To answer these questions as well as some others, it is helpful to understand how our brains change as we approach middle age and beyond.
The brain certainly changes as we age. The brain is an organ, so just like every other organ in your body, it’s going to change as you get older. So what are the normal changes?
Well, first of all, the brain does shrink in size; more specifically, the weight of the brain and its volume decrease. Starting around age 25, we gradually lose weight and volume in our brains. The decline is estimated to be about 2 percent per decade. So by the time we are 75, we have lost about 10 percent of our brain size.
That may seem like a lot, but 10 percent is actually not that much of a loss. Not all portions of the brain shrink, or shrink to the same degree; some shrink more than others. For instance, since we are talking about memory, the two areas of the brain that are responsible for memory—the frontal lobe and the hippocampus—typically shrink more than others. That’s part of the reason why we develop memory problems.
It is also true that we lose brain cells, called neurons, as we age. How many? Up to 50,000 a day. Don’t worry, though, because we have billions of neurons. And that neuron loss occurs throughout our adult lives, not just as we get older.
Some neurons also shrink in size.

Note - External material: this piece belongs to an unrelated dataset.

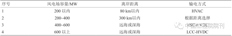 目前海上風(fēng)電單場(chǎng)送出的技術(shù)主要有高壓交流輸電 (HVAC)、常規(guī)直流輸電 (LCC-HVDC)、柔性直流輸電 (VSC-HVDC)、分頻輸電 (FFTS) 四種方式,海上風(fēng)電場(chǎng)輸電方式選擇主要參考風(fēng)電場(chǎng)容量和離岸距離,詳細(xì)見(jiàn)表 5。海上風(fēng)電場(chǎng)開(kāi)發(fā)規(guī)模的擴(kuò)大,輸電容量和輸電距離的增加,機(jī)組大型化、受端電網(wǎng)短路電流水平、電網(wǎng)安全穩(wěn)定等因素,使得海上風(fēng)電輸電直流化方向的發(fā)展趨勢(shì)愈加明顯。

This matters because their smaller size makes them less effective. They transmit electrical and chemical signals more slowly than they did when we were younger. In addition, as we get older, our bodies make less of the chemicals that our brain cells need to work. That can cause a general slowing of our mental functions.
The grooves on the surface of the brain also widen, while some surface elements become smaller. Just as the blood vessels in the heart develop plaque, the brain also develops plaques and tangles, which in the brain are pieces of dead neurons. These plaques can take up space in living tissue that is responsible for important mental functions, and interfere with your brain’s ability to perform these functions.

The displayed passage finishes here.